Wed, 06/08/2022 - 15:48

When people complain about tape, most times, it seems to me, they are talking about red. But in my case, my beef is with blue, literally.

Readers of The Star’s letters pages might have noticed Jeff Plitt’s frequent mention of my brightwork, or varnish, and wondered why. It comes from a period of time last summer when I tied my boat near where he docks his own. That spring, thinking that I would see to refinishing the wooden cockpit coamings and grab rails on the cabintop sometime that season, I, perhaps foolishly, put blue painter’s tape over the raw spots. My idea was that the tape would prevent more sun damage and keep out rainwater.

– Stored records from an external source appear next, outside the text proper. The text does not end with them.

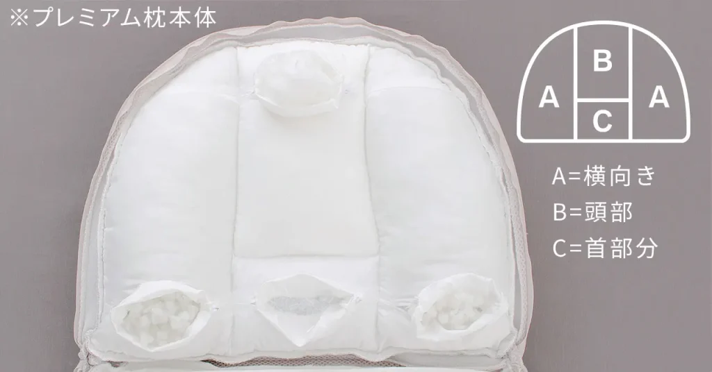 中央下部(C)は「柔らかすぎず、潰れに強い」ポリエチレンパイプを詰め、後頭部から頸部をしっかり支えて安定させます。
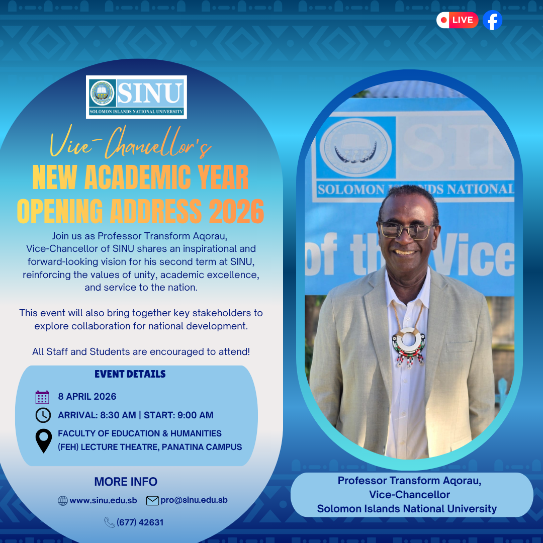 Join Solomon Islands National University for an engaging and inspiring address by Professor Transform Aqorau, Vice-Chancellor of SINU. In this special event, the Vice-Chancellor will share his vision for his second term, highlighting unity, academic excellence, and SINUโs continued commitment Read More …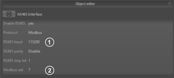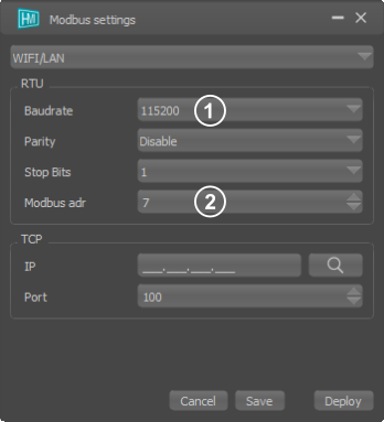 HMI DesignerDeploymentModbus RS485 (1) Baudrate 115200 (2) Modbus address 7 Project hardware settings Module interface settings Deployment settings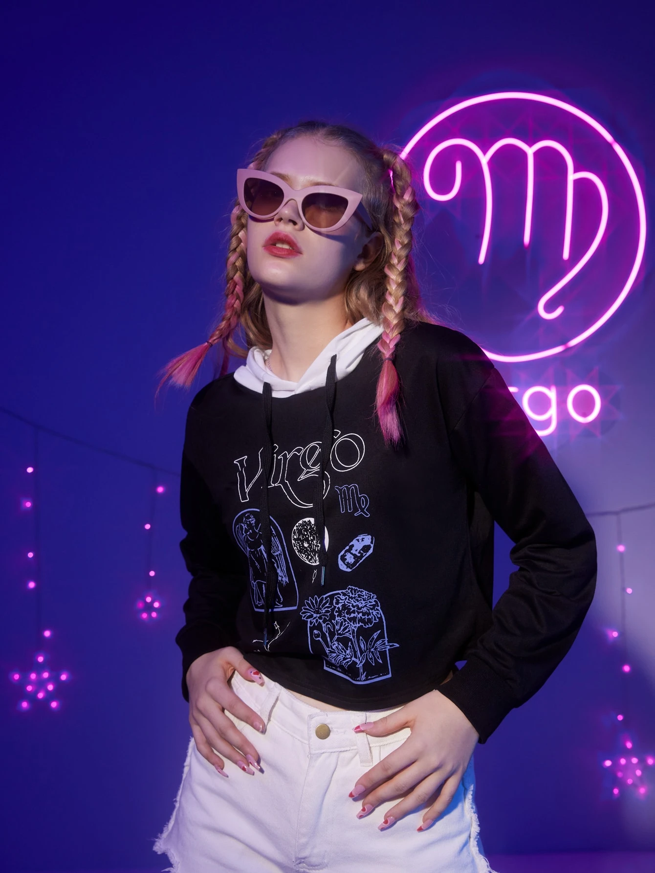 Heyillustration Starsalign Virgo Letter Floral Graphic Colorblock Drawstring Crop Hoodie

Sharp-eyed, Jeff noticed the tape right away; it was still there when I returned with the boat in the fall to get ready for its haul-out.

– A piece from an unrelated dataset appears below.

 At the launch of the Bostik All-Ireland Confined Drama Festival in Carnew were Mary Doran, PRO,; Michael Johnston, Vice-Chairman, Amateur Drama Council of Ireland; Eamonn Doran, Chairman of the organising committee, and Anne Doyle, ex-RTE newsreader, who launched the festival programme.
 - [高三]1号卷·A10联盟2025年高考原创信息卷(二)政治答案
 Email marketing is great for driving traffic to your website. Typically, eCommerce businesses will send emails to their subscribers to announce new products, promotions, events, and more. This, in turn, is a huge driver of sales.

Curious about the derivation of the phrase red tape, I learned that it comes from a tradition dating at least to the 1600s in England of binding high piles of official documents with red fabric tape, what today we might call ribbon. In time, it became a way to describe the fussiness of British law and of those who applied it. I noted the parallel. Red tape of the bureaucratic kind is tenacious, persistent, and annoying. So is blue tape, especially if one does not deal with it quickly after it is applied.

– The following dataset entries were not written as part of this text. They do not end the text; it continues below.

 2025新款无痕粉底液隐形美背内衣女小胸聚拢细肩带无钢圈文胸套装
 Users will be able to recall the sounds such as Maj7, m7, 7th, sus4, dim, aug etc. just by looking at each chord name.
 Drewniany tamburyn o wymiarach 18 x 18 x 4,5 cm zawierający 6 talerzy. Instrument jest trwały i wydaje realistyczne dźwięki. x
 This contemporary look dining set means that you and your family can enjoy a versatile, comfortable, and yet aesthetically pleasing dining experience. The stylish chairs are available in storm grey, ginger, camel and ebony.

After a summer at mooring, the blue tape on Cerberus’s rails was firmly stuck. It would not peel, nor did ordinary solvents do the job. Scraping was the only choice, since it clogged sandpaper in an instant. Jeff will be pleased to hear that I have at last tackled the blue tape and begun on the brightwork.

Don Casey, the author of a classic handbook on old-boat care, advises dealing with safety and structure first and leaving that sort of finish work to last. There are some things, though, that boaters like Jeff and, frankly, me, can’t get past. Being that it is time to get back on the water, the red tape we’ll let slide until another season.